Yeah I never thought about it either (and honestly in my situation I couldn’t care if my ex got hit with taxes). But yeah if both parties are amicable, it makes a lot of sense to make divisions favor the parties rather than uncle Sam
Divorce would devastate me financially. I don’t anticipate it of course. And I’d expect an amicable 50/50 division of assets. But I would certainly have to go back to work or continue with a pretty modest retirement.
As it is, we’re very comfortable in early retirement. Even with three three teens. The financial impact of divorce would derail it all.

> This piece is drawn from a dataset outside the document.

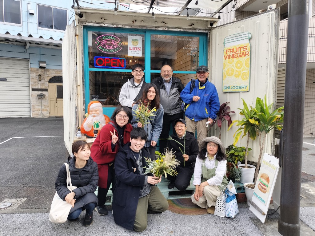 作業終了後、都市緑化研の学生と住民で近くのハンバーガー屋さんでランチ忘年会を行い交流を深めました。そのあとは、町内会館をお借りして、今年の活動と来年の活動について話し合いを行いました。収穫の多い一日でした。

Thanks for stopping by Colleen. Glad you don’t see a divorce in your future because I agree it can certainly pull the financial rug out from under you. People who retire early may be only able to do so as a couple and may find themselves needing to work again post divorce. I am sure there are some unhappy couples in this situation that are trapped because of this dilemma
I have a friend going through a not so amicable divorce right now. I’ve tried talking to her about how the lawyers are the only ones that come out ahead in the situation they are in…gridlock…now I’ll have to find a way to bring up the tax man.
I’m sorry for your friend. Divorce is not fun even under the best of circumstances. When its adversarial (like mine was) it can be an utter nightmare. Yes lawyers are really the only ones who profit for in a contentious divorce (I wrote about my own nightmare where just my legal fees came to $300k: https://xrayvsn.com/2018/05/15/i-have-pretty-much-made-every-mistake-in-the-book-part-iii-2/
It’s sad but true that divorces can come with vindictive spouses who can’t see reason even if it can help them in the long run. All they want to hear is that they are getting their way even if there an even better way for everyone to be happy.
Divorces and taxes.. Two subjects that aren’t very pleasant to a lot of people out there.
I agree completely. I had a brutal divorce and my ex was super vindictive. Spent so much time in court and the only people that profited were the lawyers.